Despite all of his ability, Jimmy Slattery was fatally flawed with a love of the nightlife and an idiosyncratic attitude to the serious side of boxing. After turning professional as a lanky 17 year-old, he began to find success as a boy wonder. The adulation and success that quickly came his way soon found him being drawn towards the bright lights, fast cars and glamorous women, rather than the humdrum repetitiveness of training. Although Slattery would go on to win the World light-Heavyweight championship twice and finish his career with an impressive 111(49koes)-13 record. His was still a talent perhaps only half realised. Finished as a top fighter by the age of 28, Slattery’s life soon descended into the chaotic twilight world of alcoholism.
Since his death in 1960, at the age of 56, Slattery has been all but forgotten by the wider boxing world. All of that is about to change now, with Rich Blake’s meticulous and engrossing biography of the wayward, yet, immensely talented boxer, who was being called a ‘Will o’ the Wisp’ of the ring by boxing writers 20 years before the great Willie Pep made that nick name his own.
Rich has produced a biography that is not only fascinating for the detailed facts, which he uncovers about Slattery’s life, but it is crafted in such a way that it is really hard to put down once you begin reading it. While Rich’s admiration for ‘Slats’ is clear, within these pages, he does not let it colour his work, and is not blind to the fighter’s darker side.
Slattery’s life reads like a film script. An unknown, fragile looking teenager discovers that he can fight when standing up to the street bully, and within five years, he is facing the great Harry Greb, and despite losing to Greb, is being hailed as one of the greatest talents in his or any division. In the end, however, Slattery’s success would prove to be the trigger of his own ruination and demise.

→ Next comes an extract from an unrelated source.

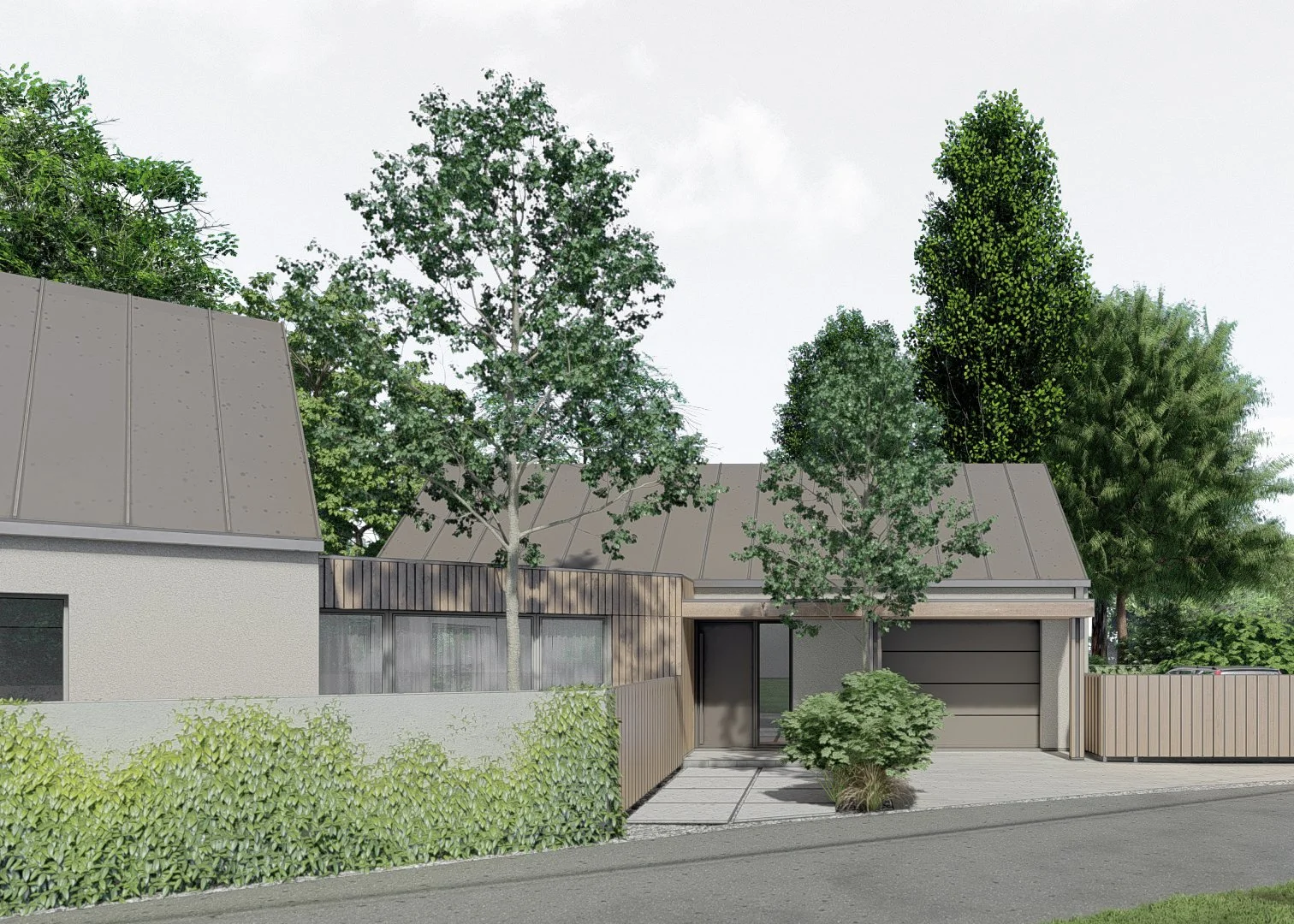 Tvar domu je navrhnutý tak, aby harmonizoval s okolitou zástavbou, pričom zachováva moderný a funkčný štýl. Denná zóna, ktorá zahŕňa obývaciu izbu a jedáleň, spolu s ostatnými obytnými miestnosťami, je orientovaná na juh a západ. Táto orientácia zaručuje dostatok prirodzeného svetla počas celého dňa, čo prispieva k príjemnému a svetlému prostrediu v interiéri.
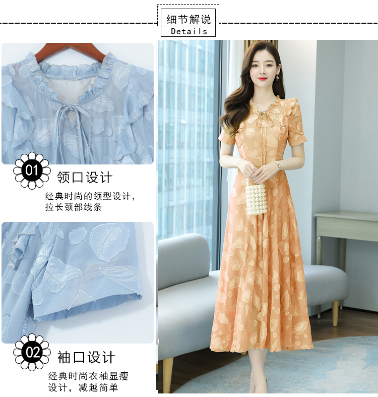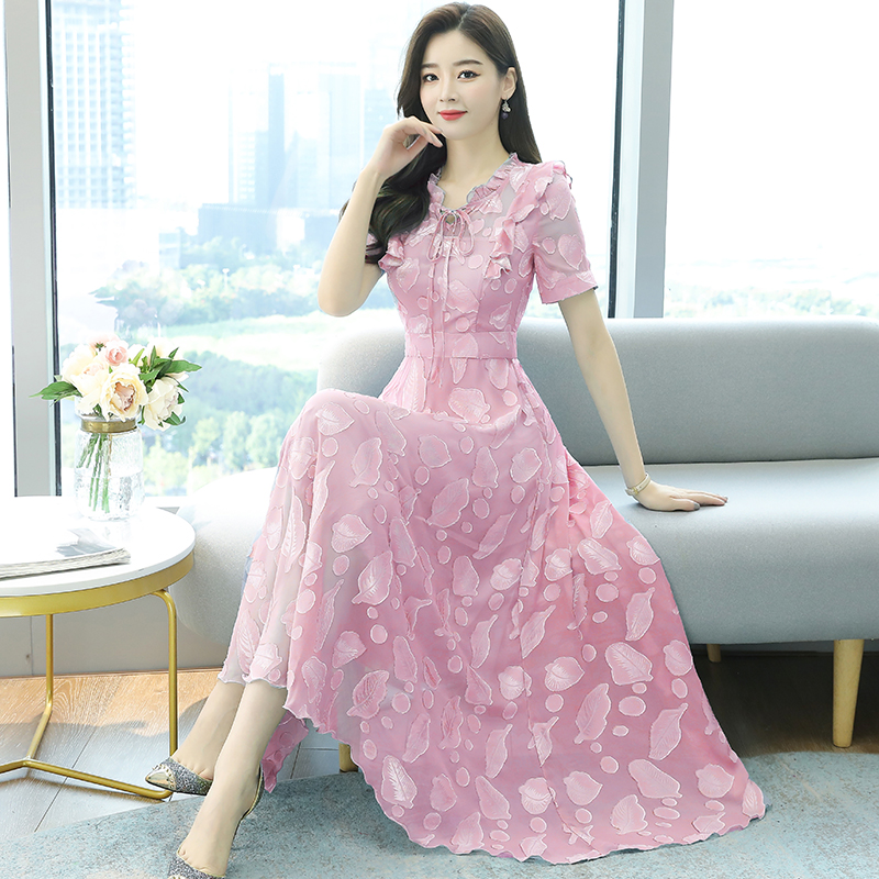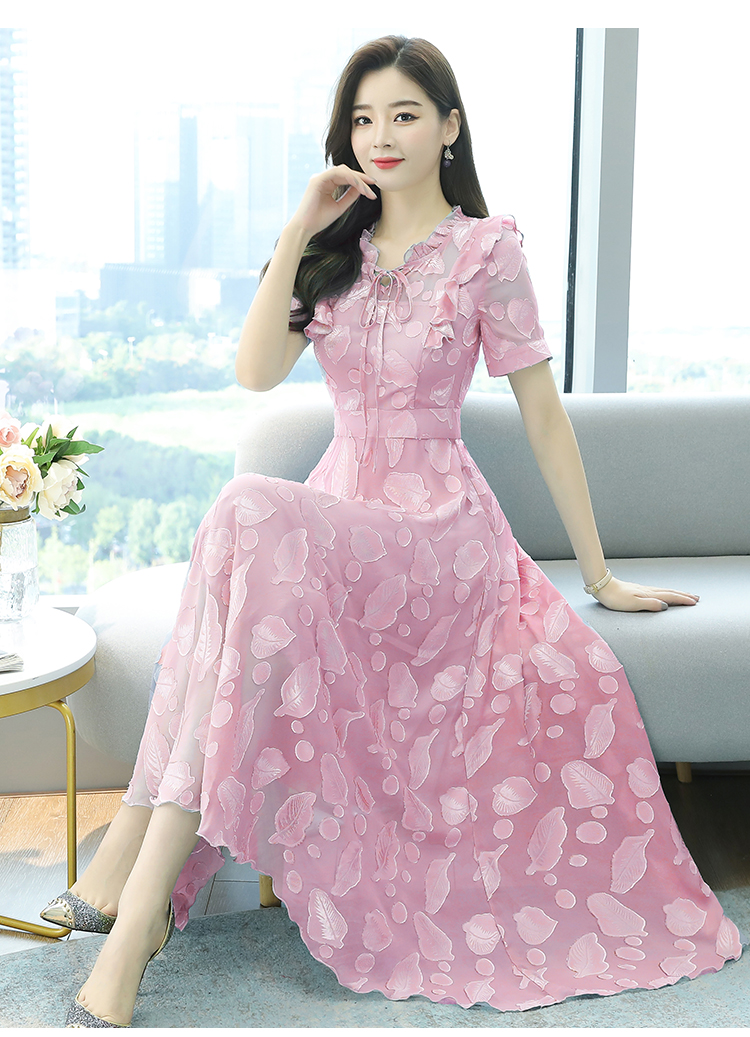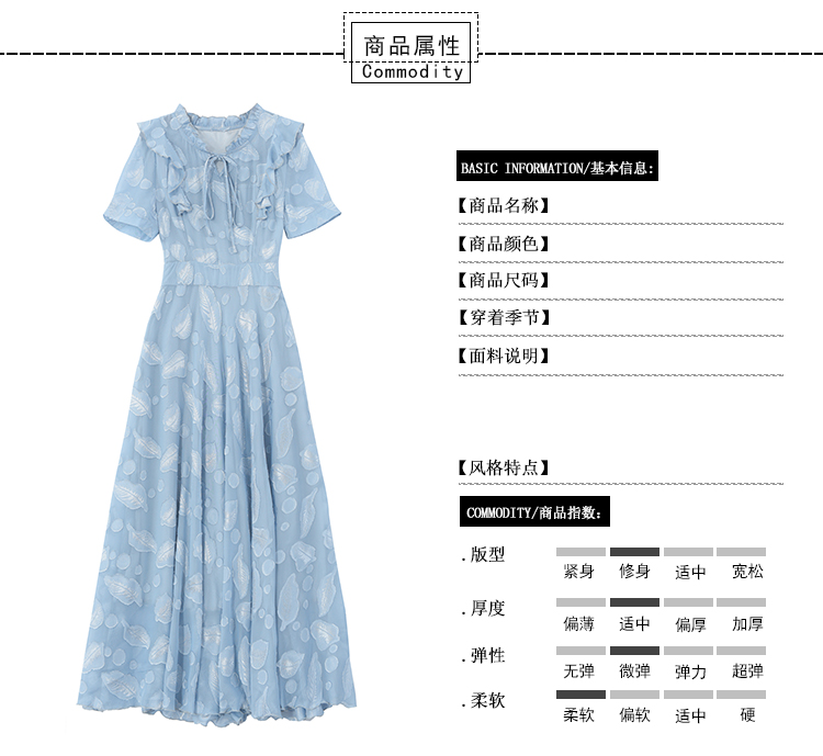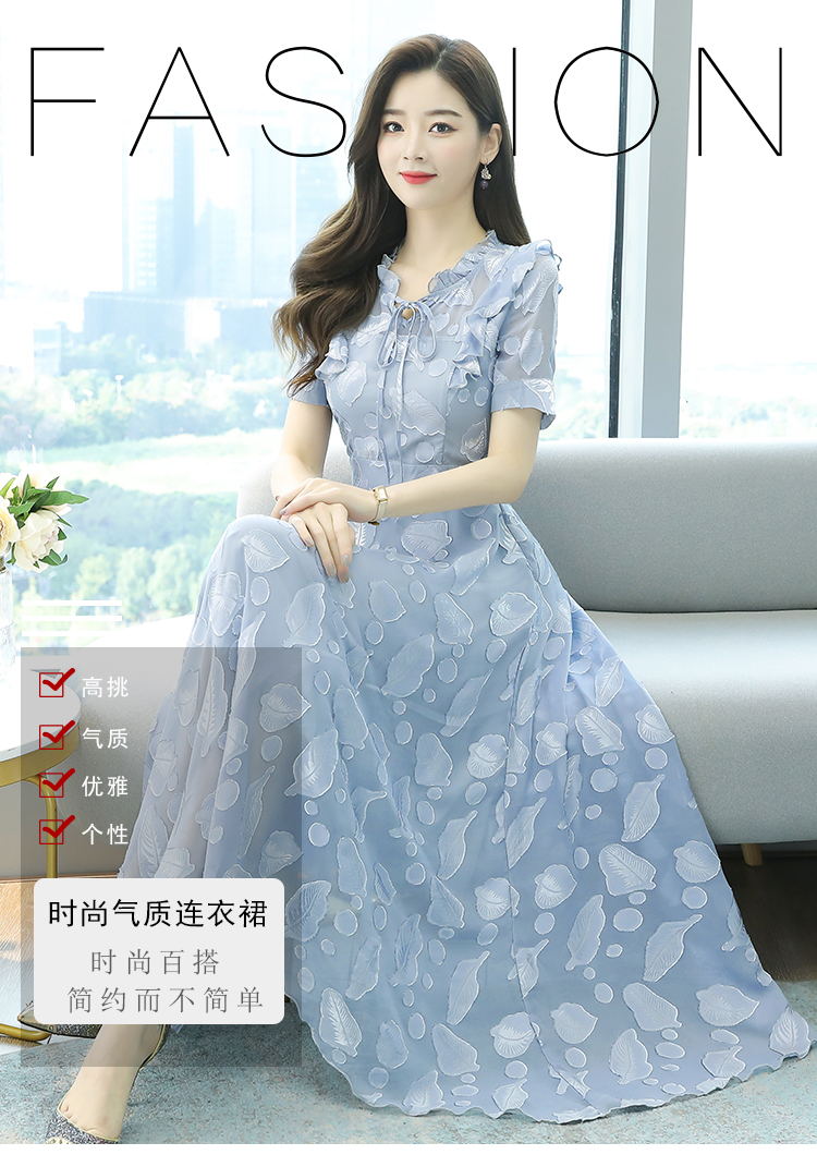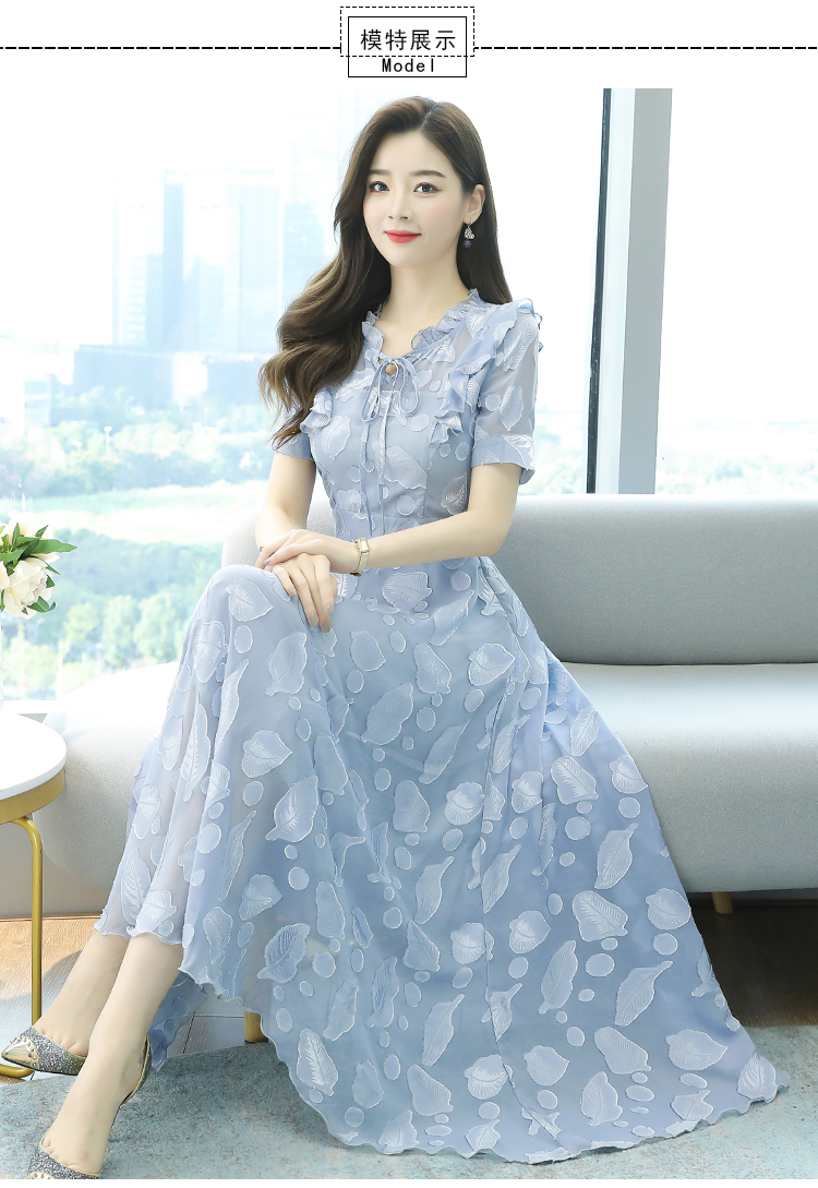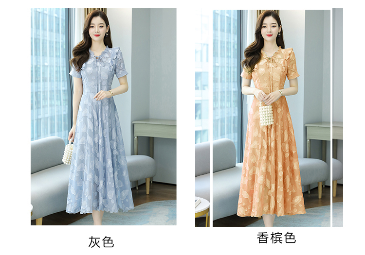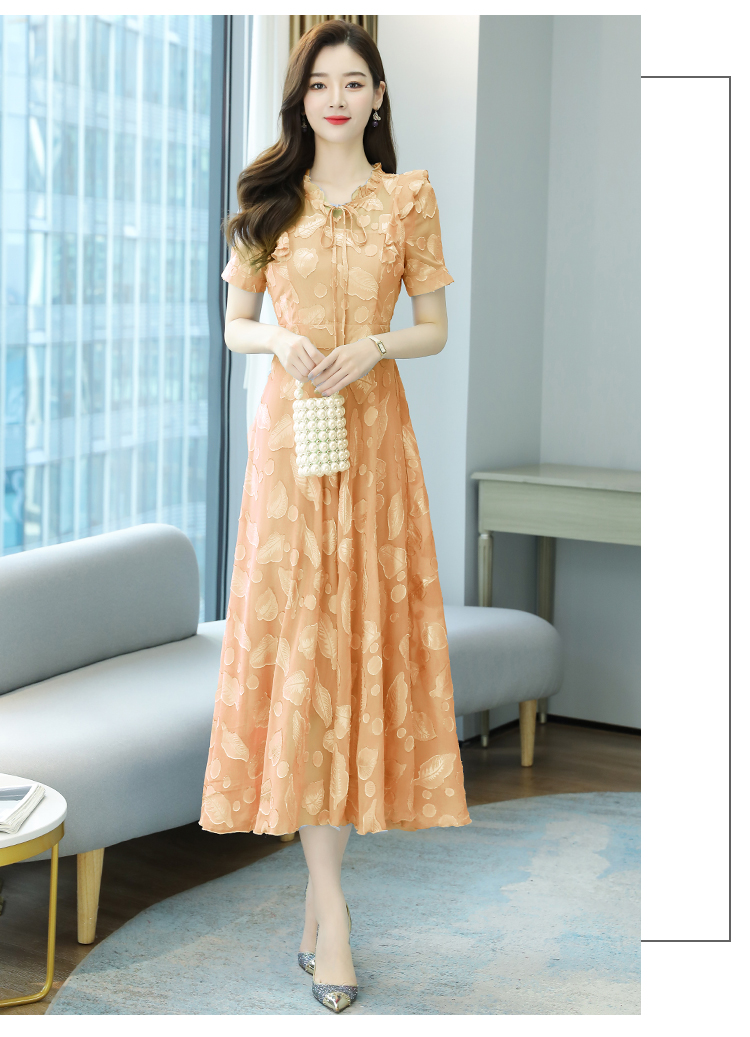 RY2243#雪纺连衣裙2026新款夏流行裙子长款提花花收腰大摆裙女

Slattery rose to fame like a character from Scott Fitzgerald’s “The Great Gatsby.” With his fall from the heights being just as fast and spectacular, as his rise. Slattery in many ways embodied the ‘roaring 20s’, and looked for a while as if he really might be able to burn the candle at both ends, and continue to be a success inside the ring. His boxing career eventually fell apart, just as the roaring 20s came to a devastating end with the wall street crash, and the beginning of the Great Depression.
Rich does a great job of bringing Slattery back to life within the pages of “Slats: The Legend & Life of Jimmy Slattery. Slattery is revealed to be a complicated, flawed, yet, courageous, and a good-hearted man. He succumbed to the pressures and temptations of a success and fame, which came too fast and too soon for someone who was still a teenager when he first started, to taste the forbidden fruits of the fast life. Indeed, as you read through this biography, and read about the fame and fortune that Slattery’s fistic ability brought to him, it becomes clear how difficult it must have been for any young man to keep a clear head when faced with the intoxicating acclaim, and the increasing demands of the ever growing throngs of fans and ‘hangers on’ that increasingly surrounded him.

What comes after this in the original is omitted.